• [Task objective] Repeat the data that follows in full. Do not include the pictures.

• [Data provided]
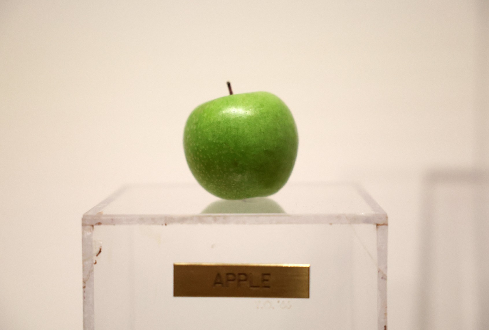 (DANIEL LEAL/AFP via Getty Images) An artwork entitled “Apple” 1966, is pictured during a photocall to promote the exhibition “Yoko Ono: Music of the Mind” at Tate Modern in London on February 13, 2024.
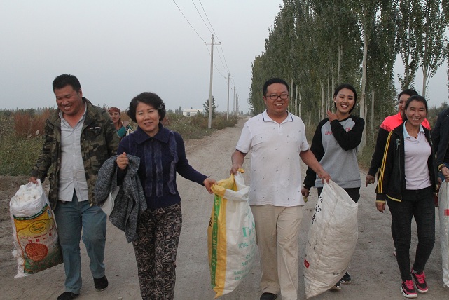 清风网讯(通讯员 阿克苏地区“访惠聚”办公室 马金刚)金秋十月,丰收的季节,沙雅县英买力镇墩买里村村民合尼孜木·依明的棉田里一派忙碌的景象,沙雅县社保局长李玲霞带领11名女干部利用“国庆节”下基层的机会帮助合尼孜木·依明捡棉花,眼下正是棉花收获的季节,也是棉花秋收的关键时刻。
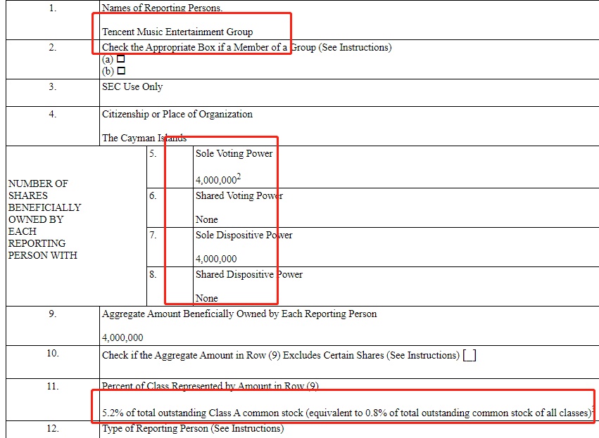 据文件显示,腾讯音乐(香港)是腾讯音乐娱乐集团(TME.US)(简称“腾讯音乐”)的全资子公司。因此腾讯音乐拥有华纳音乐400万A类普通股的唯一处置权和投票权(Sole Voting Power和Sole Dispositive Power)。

• [Result below]
 (DANIEL LEAL/AFP via Getty Images) An artwork entitled “Apple” 1966, is pictured during a photocall to promote the exhibition “Yoko Ono: Music of the Mind” at Tate Modern in London on February 13, 2024.
 清风网讯(通讯员 阿克苏地区“访惠聚”办公室 马金刚)金秋十月,丰收的季节,沙雅县英买力镇墩买里村村民合尼孜木·依明的棉田里一派忙碌的景象,沙雅县社保局长李玲霞带领11名女干部利用“国庆节”下基层的机会帮助合尼孜木·依明捡棉花,眼下正是棉花收获的季节,也是棉花秋收的关键时刻。
 据文件显示,腾讯音乐(香港)是腾讯音乐娱乐集团(TME.US)(简称“腾讯音乐”)的全资子公司。因此腾讯音乐拥有华纳音乐400万A类普通股的唯一处置权和投票权(Sole Voting Power和Sole Dispositive Power)。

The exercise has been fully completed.